Have you ever thought about how the evolutionary psychology explanations we get in the popularizations very seldom explain the type of usual family structure we see in most countries of the world? Where one woman and one man have children together? After all, this is numerically the most common arrangement and one might have thought that it would be of some interest for even the cultist Evolutionary Psychologists* to think about. Instead, we get loads of stuff about one man inseminating hundreds of women and so on, with nary any discussion about how all these inseminations turn out into adults that are then able to have children of their own.

It's a myth that we are being told, to some extent, a myth which is very much centered on one aspect of society and which ignores the rest of the society altogether.

Now, all this may be obvious to you. But I thought of it while musing over something related: The number of articles in the cultist Evolutionary Psychology part which attack feminism or any ideas about gender equality as biologically impossible. What did Kanazawa call this attack? Oh yes, political incorrectness.

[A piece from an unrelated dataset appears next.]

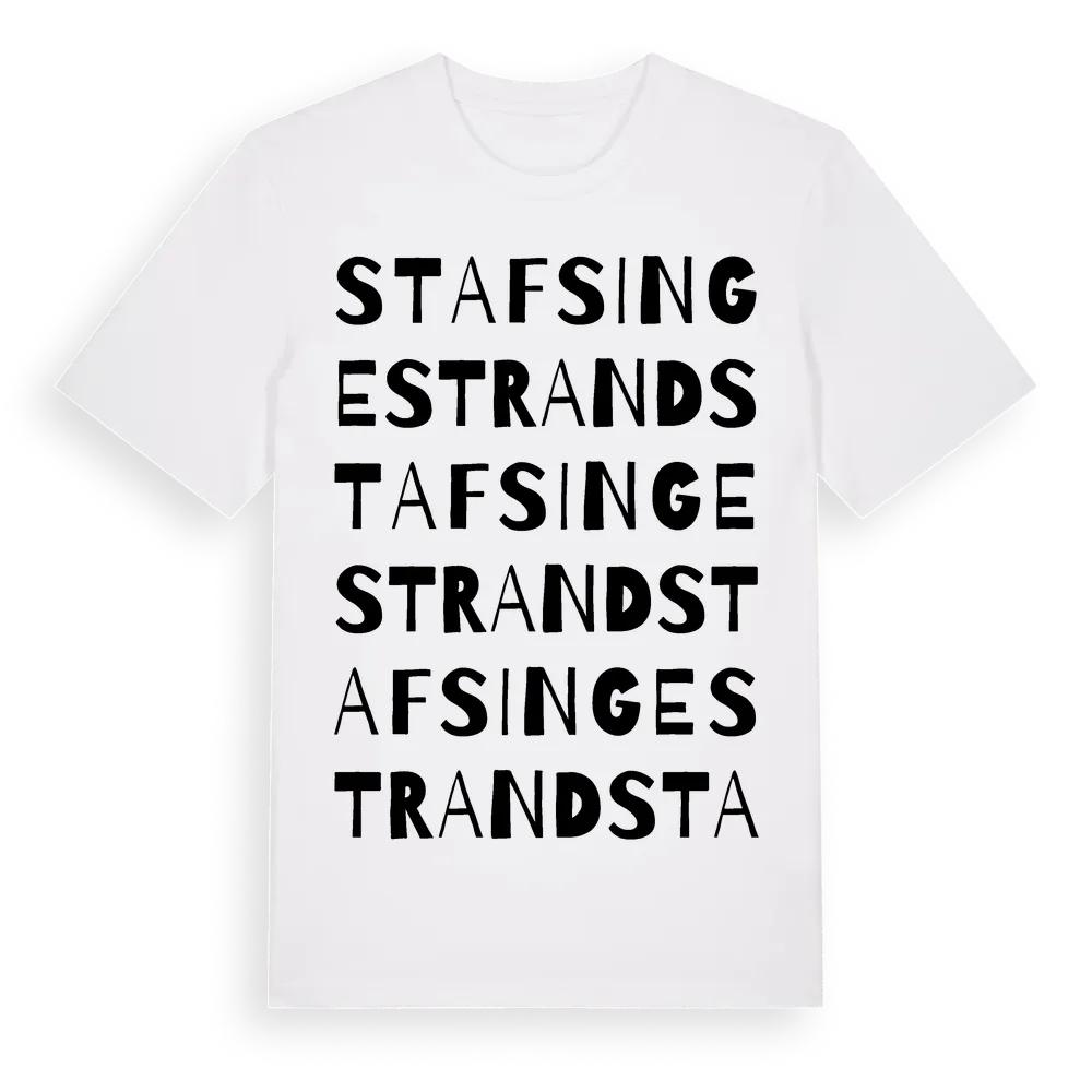 Stafsingestrand ordlek t-shirt är inspirerad av Stafsingestrand i Hallands län, Sverige. Tröjan är designad för dig som har en speciell koppling till platsen – oavsett om du bor här, har rötterna här eller bara älskar Stafsingestrand.

I hate that term, because political incorrectness is in reality something quite different. It's arguing back to the powers that be. For example, it might be politically incorrect to point out that warfare, a largely male undertaking, has now become so dangerous that it might one day stop the human race altogether. I don't see very much about this in the Evolutionary Psychology literature, where men waging war is seen as the proper or at least unavoidable thing to do, but yet the same literature spends a lot of pages on attacking women who want equality. Because it somehow threatens the future of the species. Now this is really twisted, isn't it?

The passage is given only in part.